The issue of youth violence in Chicago gained national attention last fall after 16 year old Derrion Albert was beaten to death in a brawl involving dozens of teenage boys while walking home from school. The horrible incident was caught on video and broadcast online.
Unfortunately, Albert's death was far from an isolated incident. During the 2008-2009 school year 36 Chicago public school students were killed, up from 31 during the 2007-2008 school year and 27 during the previous school year. These murders tend to happen on the way to or from school and are turf or gang related.
At the same time, Chicago's overall crime rate continues to decline--the Chicago police department reported a "historic" drop in violent crime over the decade and a ten percent drop in homicide in 2009 over 2008 levels. Statistics from the CPD about youth violence also seem to contradict those being reported in the press. The CPD reported that homicides in which the victim is 17 years of age or younger dropped by 24 percent in 2009 over 2008 levels, recording 17 fewer victims under 17 years of age (a request for clarification by the CPD on these contradicting statistics is currently being processed by CPD staff).

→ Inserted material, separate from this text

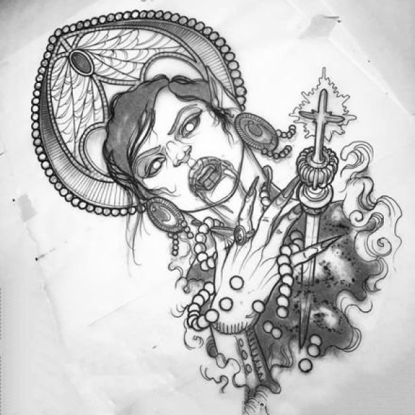 newschool线稿--9张newschool风格的纹身线稿手稿图

Regardless of whether youth violence is trending upward, downward, or holding steady, one child murdered at the hands of another is clearly one too many. A culture of violence in Chicago's schools completely undermines the ability of students to achieve at school, creating the conditions for future generations of individuals unprepared to participate in the workforce and as citizens. These murders not only end the future prospects of the victim, but also of the perpetrators.
What, then, is the appropriate response to Chicago's youth violence problem? For the Manhattan Institute's Heather Mac Donald, we as a society should not even attempt to muster a collective response to Chicago's woes. Mac Donald argues that any money spent on social service responses will be wasted until poor African American Chicagoans learn personal responsibility, and most importantly stop the prevalence of "unwed pregnancy" and the "culture of illegitimacy."
Using the rate of African American children born out of wedlock in Cook County--79 percent of all black children in 2003 compared with 15 percent of white children--Mac Donald concludes, "Until that gap closes, the crime gap won't close, either."
But Mac Donald's conclusion has a fatal flaw: there is no evidence that a being born in a single-parent home causes a child to become violent or become a victim of violence (there is evidence that the two are related, but this does not mean that the one causes the other). Mac Donald notes that "everyone invloved in the Albert beating came from a fatherless home," including the victim. But an analysis by the New York Times found that young victims of violence are just as likely to come from an unstable home as those in the general school population.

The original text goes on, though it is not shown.